Compare this with QEC which should do 25 knots with 80MW of delivered power. The cubic law to 15 knots means she’ll need about 18MW to cruise at 15 knots which can easily be delivered by the 40MW of diesel with room to spare to power the ship’s systems too.

It’s not quite as simple as all this but it serves as a guide to why T45 is an odd (to say the least) design.

Rocket Banana

With the exception on the WR21 gubbins (which is forgivable) I think the T45 power plant is a massive blunder. It doesn’t take a genius to see it was a problem waiting to happen. The whole point in the diesels is for redundancy (and efficient low-demand power production which was not supposedly needed due to the fancy WR21), it’s just system redundancy (which is all they can manage) makes the ship a sitting duck in a real war. It always, always needed to be able to limp home on diesels.

Obviously nobody read the Albion/Bulwark memos.

Observer
Observer

Multiple redundancies are expensive. If you think the Type-45 is expensive, wait till you see the cost after building in what is essentially a 2nd engine.

As for the “lots of individual small causes”, maybe we should go back to the past and ask priests to bless the darn thing first before starting work! Can’t hurt. :)

El Sid
El Sid

@Deja Vu – err, “architecture” doesn’t mean visual appearance, it’s about the underlying design. Try reading the OED : “The complex or carefully designed structure of something….The conceptual structure and logical organization of a computer or computer-based system.”

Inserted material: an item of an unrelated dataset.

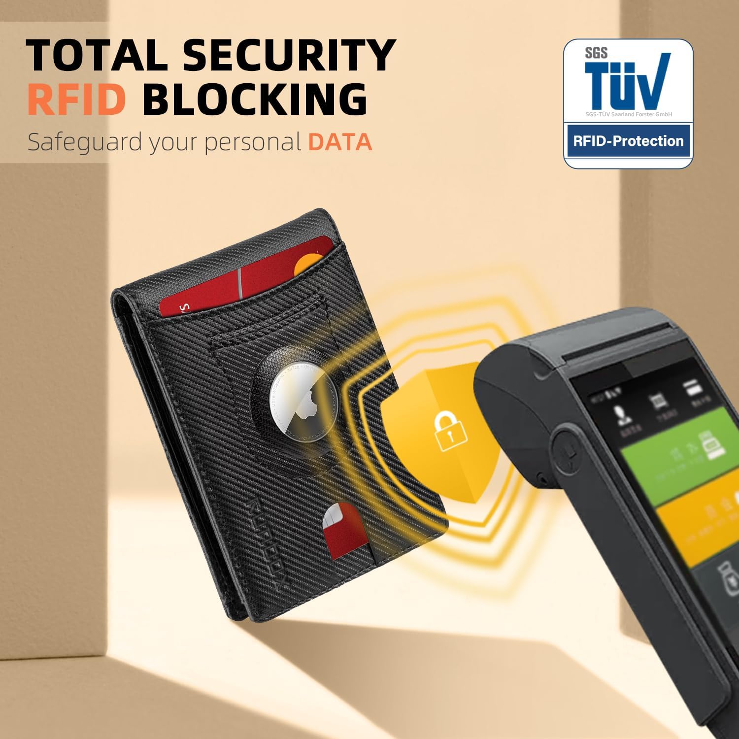 - RFID ANTI-THEFT FUNCTION - This wallet for AirTag boasts RFID blocking shield technology, safeguarding your personal and financial data against unauthorized scanning and identity theft. Enjoy peace of mind knowing that your information is safe and secure
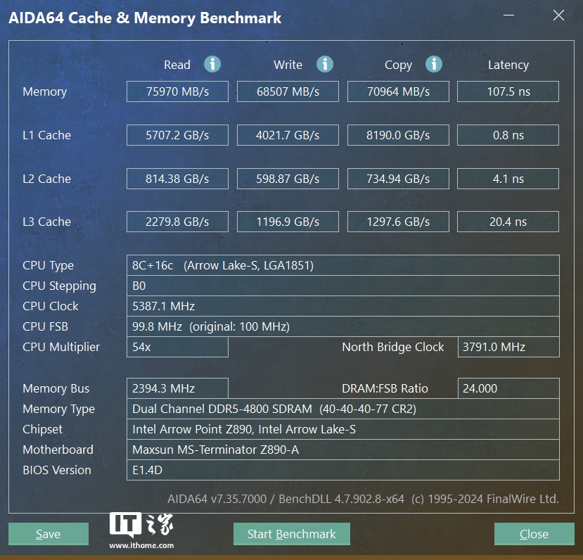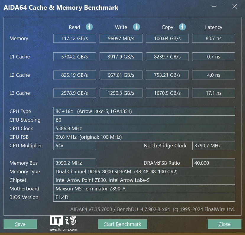 上述成绩属于 4800MHz 频率下的内存正常读写水平,不过大家应该注意到这次的内存延迟受酷睿 Ultra 9 285K 的架构影响,相比上一代 i9-14900K 可能会偏高一点。

And there was redundancy – the trouble was that the diesels were only intended to give enough juice to get home on, but WR21 proved so unreliable that they found themselves using the diesels far more than planned, and the diesels weren’t designed to be used to that extent.

Some more recent news :
SeaCeptor wins another downselect, all they’re saying is that it’s not Chile, who will decide soon on whether their T23’s get SeaCeptor or Barak-8 :
http://www.janes.com/article/58911/sea-ceptor-scores-new-success-gets-set-for-chile-showdown

Someone’s worked out that one might not be able to guarantee getting QNLZ through Hormuz to Bahrain :
“the UK announced a multi-million pound joint venture (JV) that will “provide vital engineering work and support to the world’s naval vessels”….The UK government indicated there will be a permanent Royal Navy presence at Duqm and the port will be used by the two Queen Elizabeth-class aircraft carriers, as well as other naval vessels.”
http://www.janes.com/article/59205/oman-s-duqm-port-to-support-royal-navy-vessels

USN have found an AWESUM acronym for small UAVs for targetting from submarines :
https://news.usni.org/2016/03/31/navy-set-to-buy-awesum-miniature-sub-launched-uavs

On land, there’s a review looking to get rid of LMG and 60mm mortars from rifle platoons :
http://www.janes.com/article/58800/british-army-to-review-use-of-belt-fed-weapons-and-light-mortars

43 Commando are standardising on the L119 Cold C8 at Faslane :
http://www.janes.com/article/58501/uk-royal-marine-unit-ditches-the-sa80-for-colt-c8

CTAI have delivered their first production gun to MoD :
http://www.janes.com/article/59010/uk-receives-first-production-40-mm-cased-telescoped-cannon-system

And finally, a cute story about how pre-WWII televisions and some lateral thinking surprised the Septics :
http://www.rafmuseum.org.uk/blog/small-object-big-story/

andyreeves9
andyreeves9

my son is on duncan, the issues of the other 45’s appear vastly overstated, no problems have been encountered and is regarded as a’fantastic’ ship the media will print any old guff like this, based on hearsay and not facts what i’d like to know is the projected ervice life of a 45? why can’t bristol be rebuiltfrom the inside outt t45 specs? i reckon the R.N COULD GAIN A DESTROYER IN HALF THE, AND A LOT CHEAPER THAN THE COST OR WAIT FOR A ‘NEW BUILD’

andyreeves9
andyreeves9

AS THE YANKS ARE ABOUT TO RETIRE THE TICONDAROGA CLASS WHICH IS TECHNOLOGICALLY CURRENT ALTHOUGH OLD AND BEING EMPLOYED AS A CARRIER ESCORT WHY CAN’T WE GET A MATES RATE ON BUYING A COUPLE? OR IS THE U.K. TOO SNOBBISH TO BUY FOREIGN SECOND HAND?